We live in a horrible world. The news and the conversation around the news feels insurmountable, exhausting, awful. One of the things Glastonbury does brilliantly is to create a stop-gap from that, a small bubble in reality in which a hundred other alternate dimensions can flourish. There’s politics here, but it’s good politics, the politics of hope and change. There’s Greta Thunberg on the main stage, “when I say ‘CLIMATE’ you say ‘JUSTICE’, CLIMATE! JUSTICE! CLIMATE JUSTICE!”, there’s the free water and the reminders to pick your litter up and not piss in the streams, which way more people obey here than I have ever seen anywhere else. There’s the unceasing music. There’s joy. Everywhere there’s joy. And then there’s me, getting narked and gnarly at people, young people, old people, people with kids, people who are kids, celebrities, stall runners, security guards, everyone living inside that joy, blamelessly being blameless in their little bubbles of fun and freedom.
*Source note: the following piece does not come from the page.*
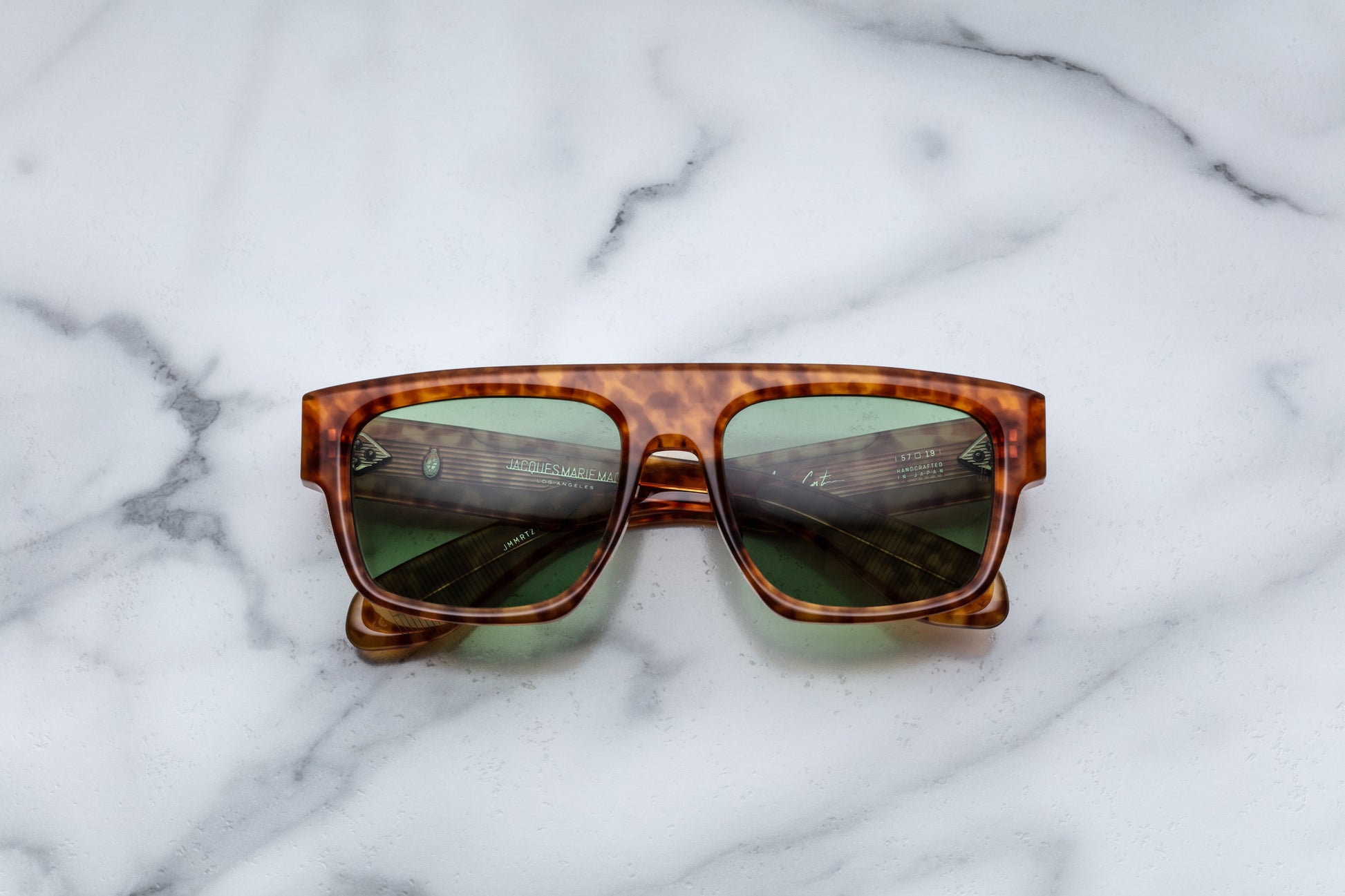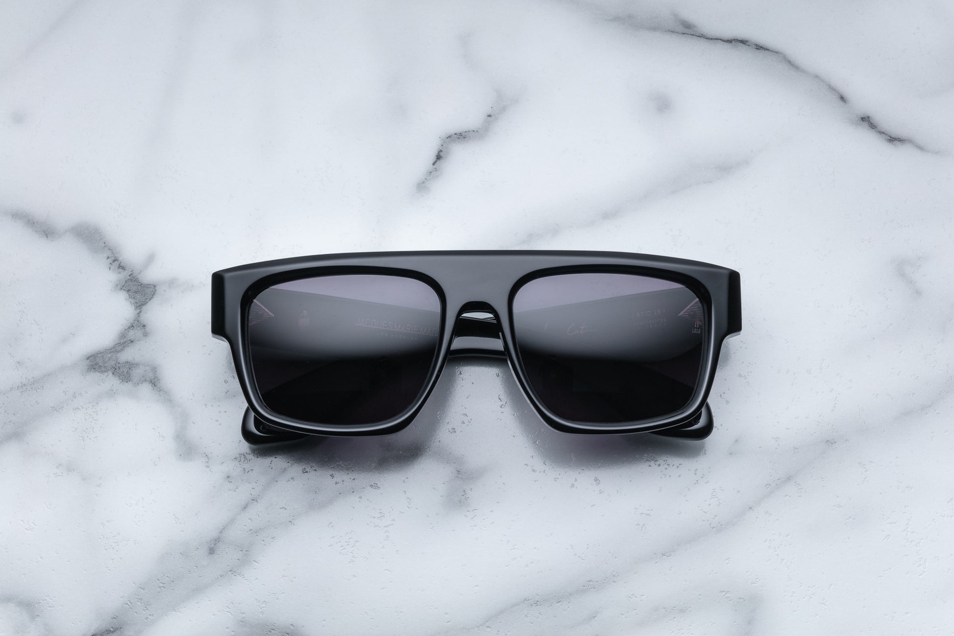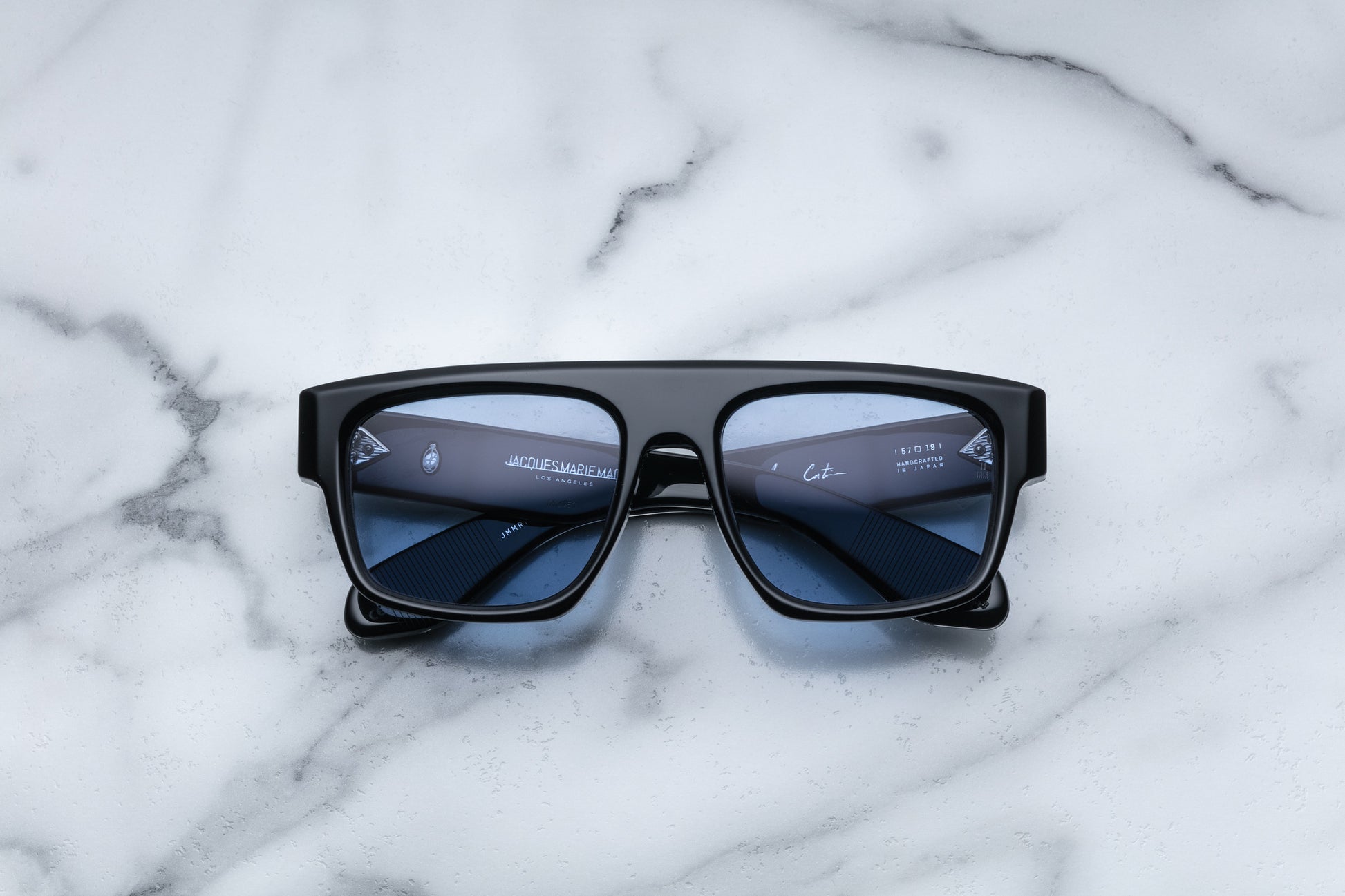 Bold expressions from GEORGE CORTINA FOR JACQUES MARIE MAGE, featuring distinctive browline, sculptural temples, and signature precious metal embellishments. No ordinary symbols of high society, these bold limited-edition spectacles are tough as nails and tender as the night, sculptural expressions with a serious stare and simmering charisma. An auspicious fit for feeling like a million-dollar trouper. Super-duper.

I’m not hating them for anything they can help, really. Not most of them. I’m hating them because they are my unfulfilled potential, people I never got to be, people I was and can’t be anymore. A bunch of walking paradigms triggering my petty bullshit. It’s not their fault. It’s not the festival’s fault. It’s just me. Judging them, for the most part, for nothing. I’ve forced my way to the front of a packed crowd too. I have pissed against a tree. I have been indiscriminate in my recycling. I have worn a backpack and pushed through a crowd without considering the people behind me. I have done the wrong drugs and watched the wrong bands, and not looked where I was going. I am them. They are me.

I try to let it go. To take deep breaths and exhale the bitterness into the summer breeze. To be in the moment. To find peace. I look up and try to enjoy the music. Someone’s flag is in the way.